Answer
The maximum number of 300 cartons of food and 200 cartons of clothes per shipment can be sent at a time.
Work Step by Step
Given that, one carton of food feeds 12 people and one carton of clothing helps 5 people.
Say x number of cartons of food and y number of cartons of clothing per plane shipment are enough to provide maximum help to the people.
Possible objective function to define help provided to maximum number of people can be represented as
\[z=12x+5y\]
The weight constraint about the number of food boxes and clothing boxes results in
\[\begin{align}
& 50x+20y\le 19,000 \\
& 5x+2y\le 1900
\end{align}\]
The volume constraint about the number of boxes results in
\[\begin{align}
& 20x+10y\le 8000 \\
& 2x+y\le 800
\end{align}\]
The number of boxes for food and clothing is a non-negative number and provides another constraint as
\[\begin{align}
& x\ge 0 \\
& y\ge 0
\end{align}\]
Now,try to maximize the value of objective function\[z=12x+5y\] according to the above constraints.
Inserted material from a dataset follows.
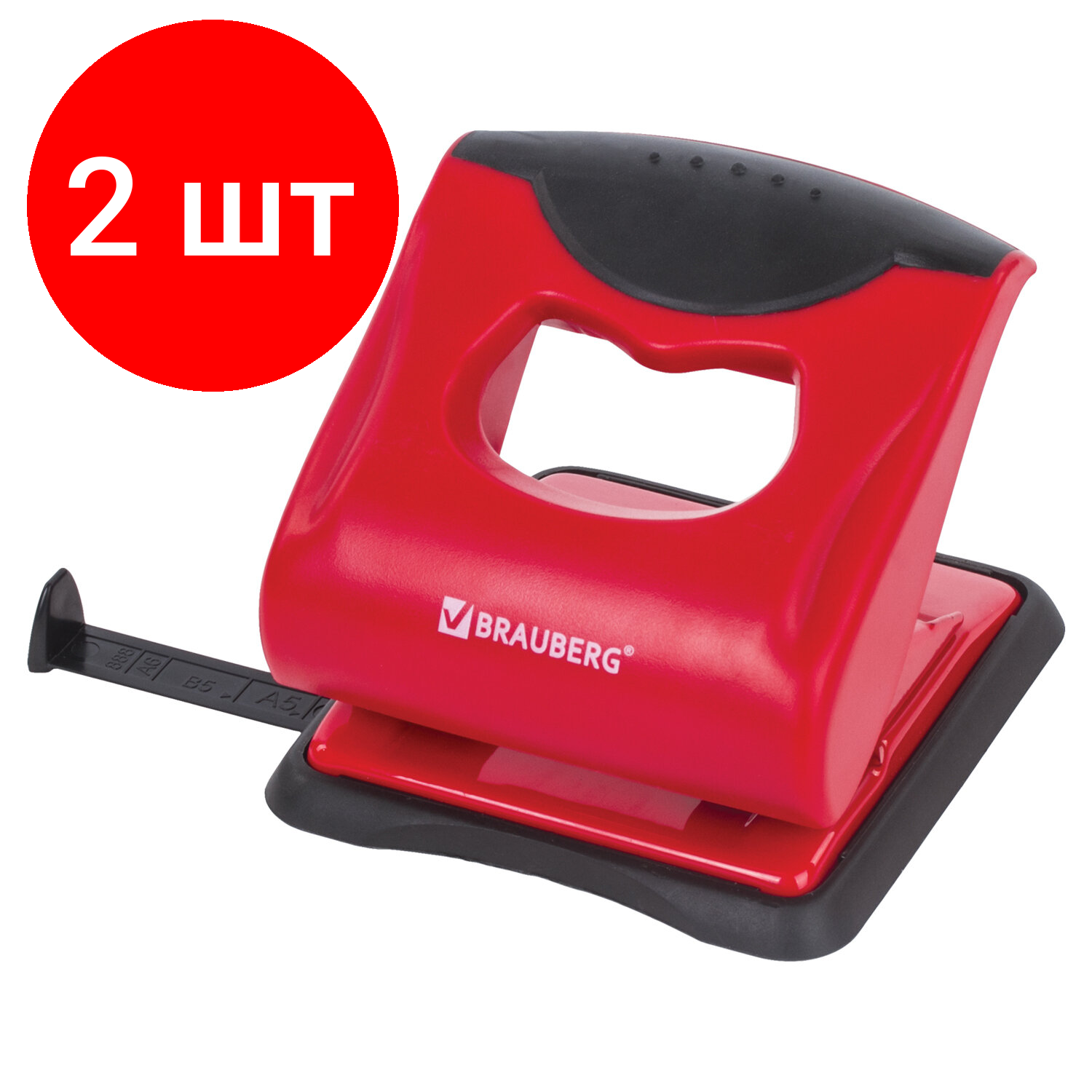 Купить Комплект 2 шт, Дырокол BRAUBERG "JET PRO", до 30 листов, красно-черный, 228601

For this, try to find out the vertex points from the linear equations of the above inequalities viz. \[2x+y=800,\text{ }5x+2y=1900,\text{ }x=0,\text{ }y=0\].
Set 0 for y in the equation\[2x+y=800\]to get
\[\begin{align}
& 2x+0=800 \\
& 2x=800 \\
& x=400
\end{align}\]
This provides x-intercepts as 400 and we get the vertex point as \[\left( 400,0 \right)\].
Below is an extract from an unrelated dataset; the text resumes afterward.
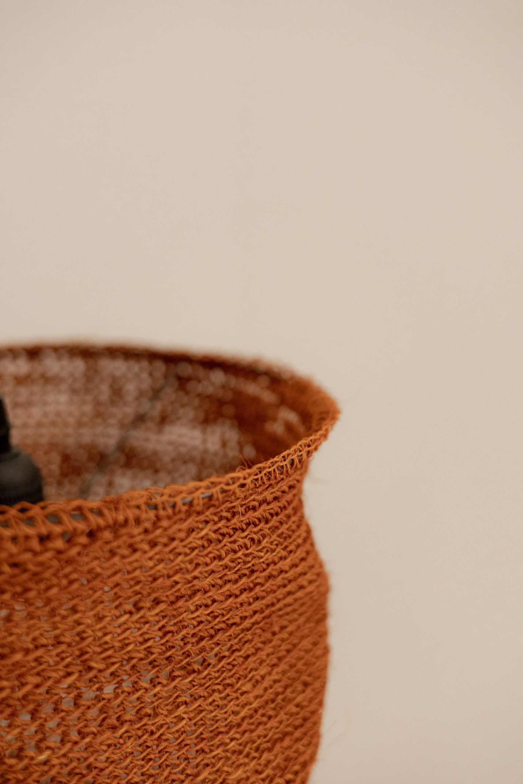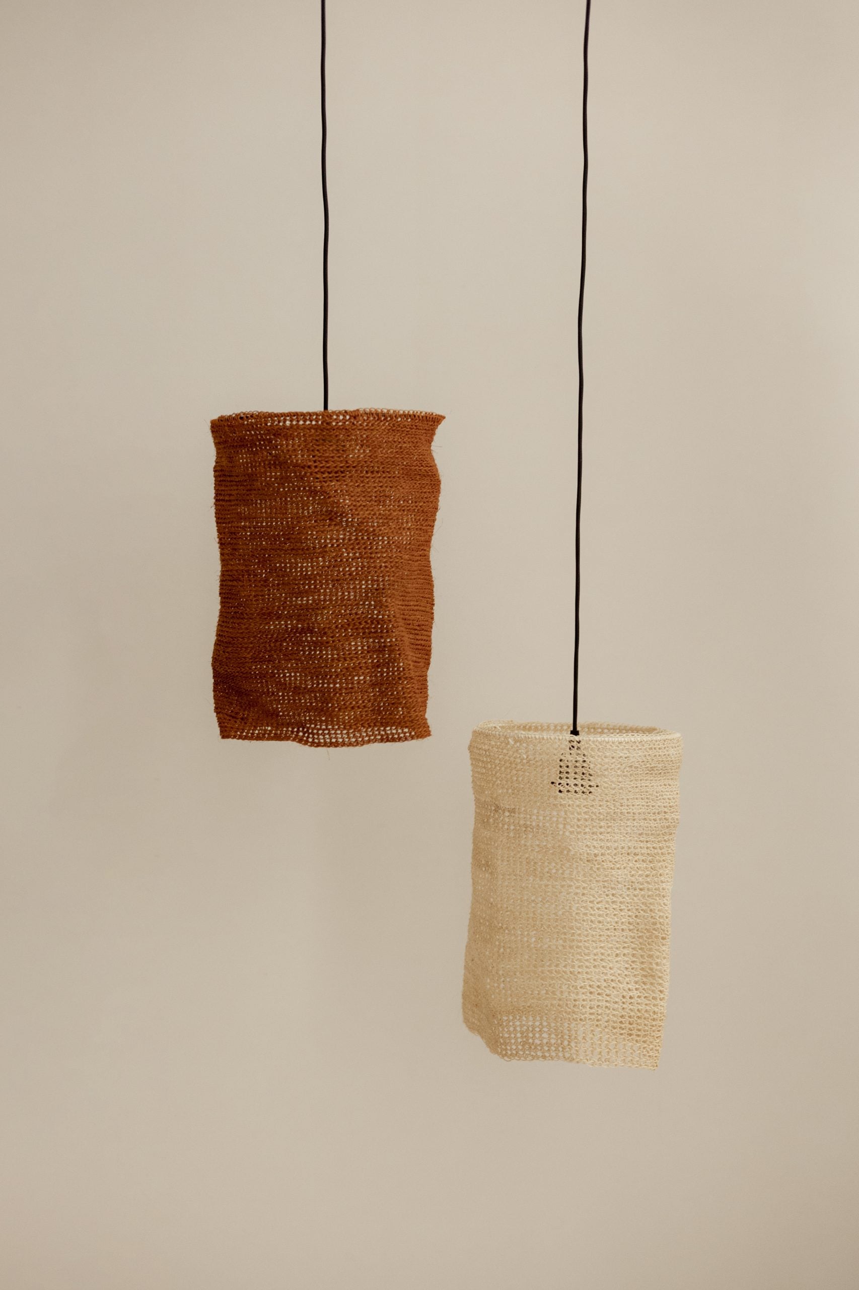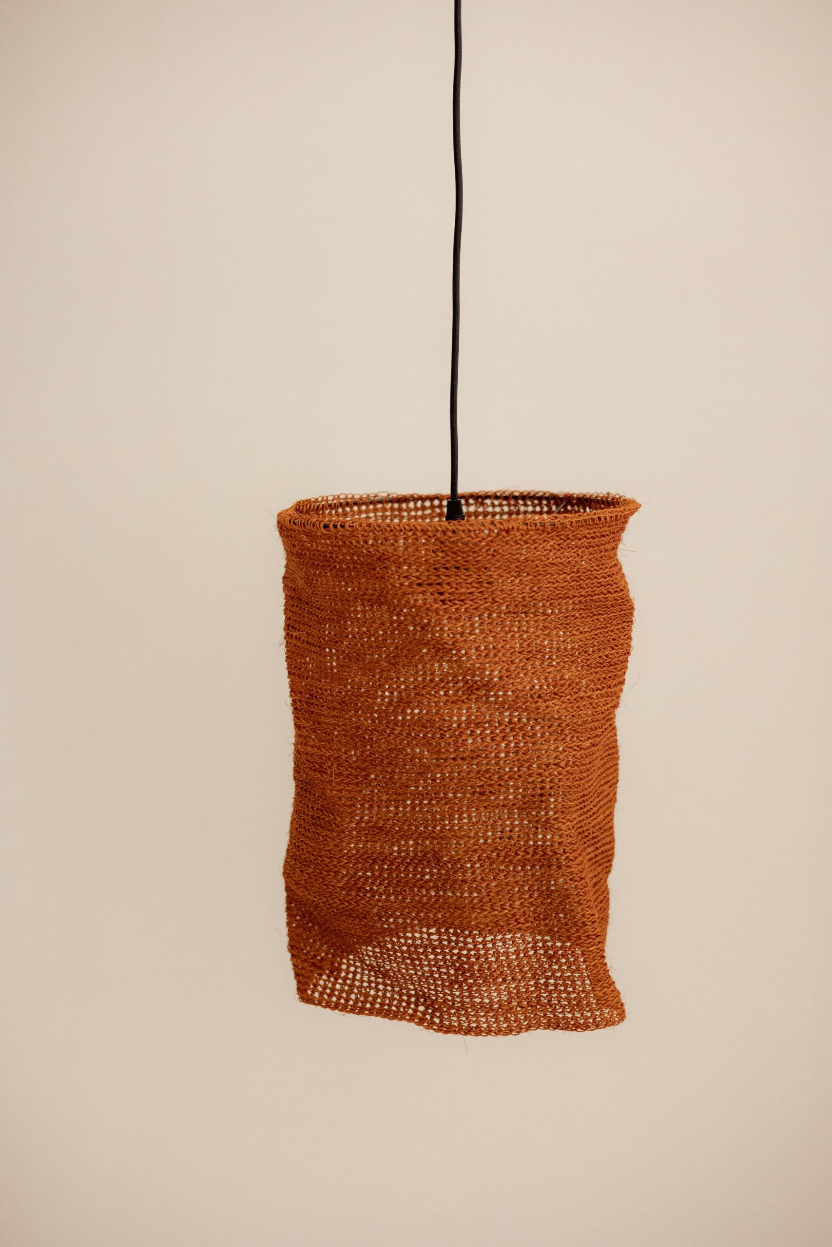 Lámpara de techo elaborada en fibra vegetal natural en color cobre, tejida a mano por artesanos con una técnica que genera una leve ondulación en su superficie.

Set \[0\]for y in the equation\[5x+2y=1900\]to get
\[\begin{align}
& 5x+2.0=1900 \\
& 5x=1900 \\
& x=380
\end{align}\]
Thus,we get x-intercepts as 380 and we get the next vertex point as \[\left( 380,0 \right)\].
Now, set 0 for x in the equation\[2x+y=800\]to get
\[\begin{align}
& 2.0+y=800 \\
& 0+y=800 \\
& y=800
\end{align}\]
We get the y-intercepts as 800 and we get the next vertex point as \[\left( 0,800 \right)\].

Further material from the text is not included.